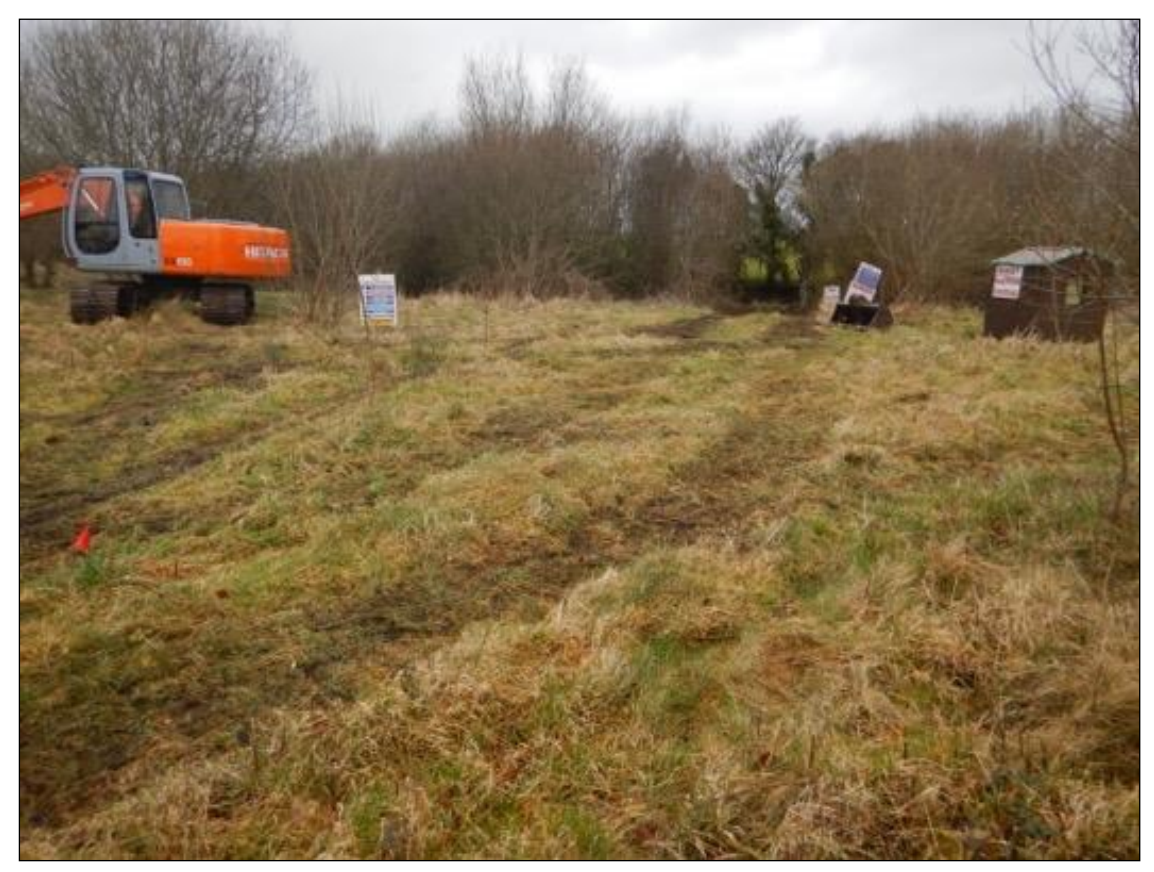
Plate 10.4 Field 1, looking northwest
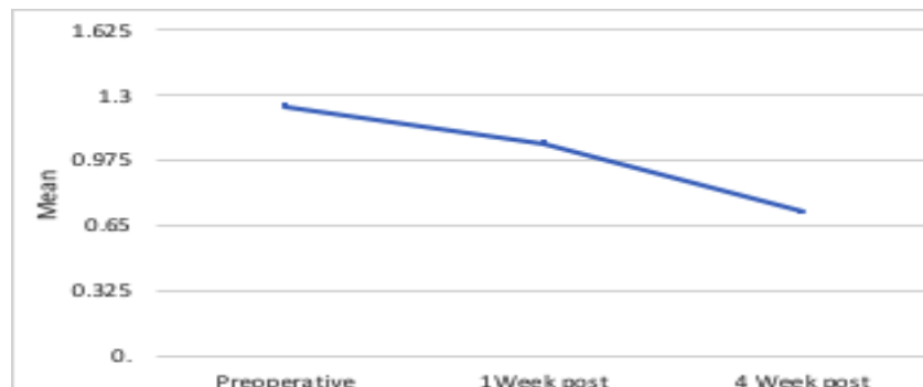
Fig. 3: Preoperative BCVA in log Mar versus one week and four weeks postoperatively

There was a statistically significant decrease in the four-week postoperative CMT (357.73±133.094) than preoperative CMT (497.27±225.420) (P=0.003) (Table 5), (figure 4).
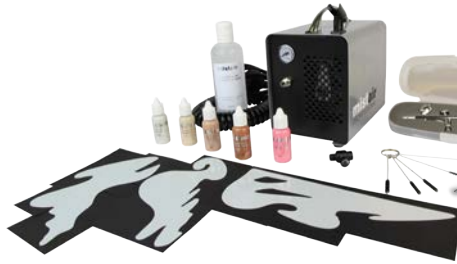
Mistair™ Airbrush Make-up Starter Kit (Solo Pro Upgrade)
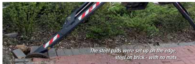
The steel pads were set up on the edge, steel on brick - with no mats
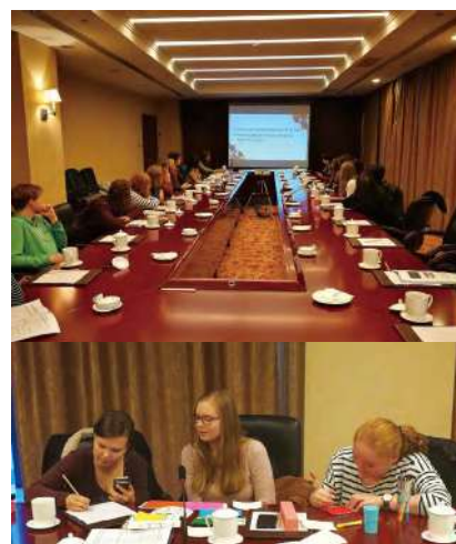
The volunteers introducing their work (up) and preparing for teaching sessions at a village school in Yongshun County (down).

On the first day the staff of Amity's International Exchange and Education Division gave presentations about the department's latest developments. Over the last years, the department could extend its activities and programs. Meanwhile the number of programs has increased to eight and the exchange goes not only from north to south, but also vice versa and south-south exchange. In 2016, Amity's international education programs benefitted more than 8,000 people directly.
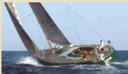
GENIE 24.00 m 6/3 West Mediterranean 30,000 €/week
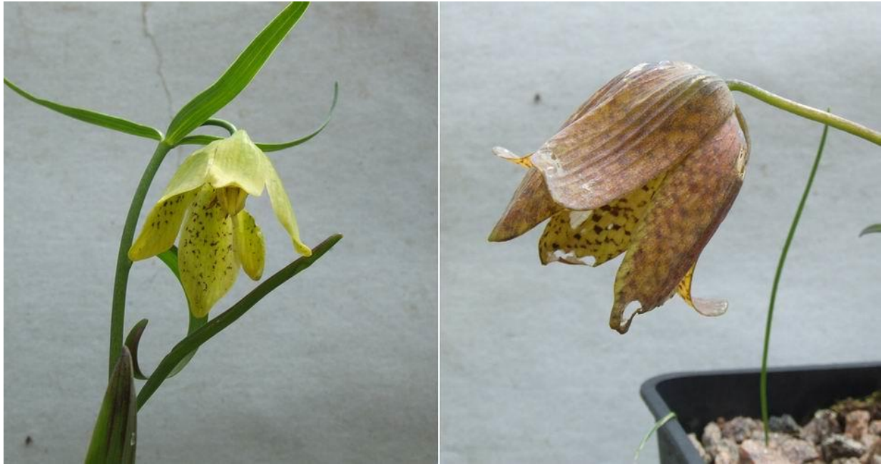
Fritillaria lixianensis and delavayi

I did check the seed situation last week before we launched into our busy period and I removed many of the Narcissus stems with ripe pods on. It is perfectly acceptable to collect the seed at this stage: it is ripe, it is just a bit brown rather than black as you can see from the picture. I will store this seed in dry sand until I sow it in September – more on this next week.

------------------------

**Description of the task:**
Go through the records. Copy each line where "week" appears.

**Expected answer:**
Fig. 3: Preoperative BCVA in log Mar versus one week and four weeks postoperatively
There was a statistically significant decrease in the four-week postoperative CMT (357.73±133.094) than preoperative CMT (497.27±225.420) (P=0.003) (Table 5), (figure 4).
GENIE 24.00 m 6/3 West Mediterranean 30,000 €/week
I did check the seed situation last week before we launched into our busy period and I removed many of the Narcissus stems with ripe pods on. It is perfectly acceptable to collect the seed at this stage: it is ripe, it is just a bit brown rather than black as you can see from the picture. I will store this seed in dry sand until I sow it in September – more on this next week.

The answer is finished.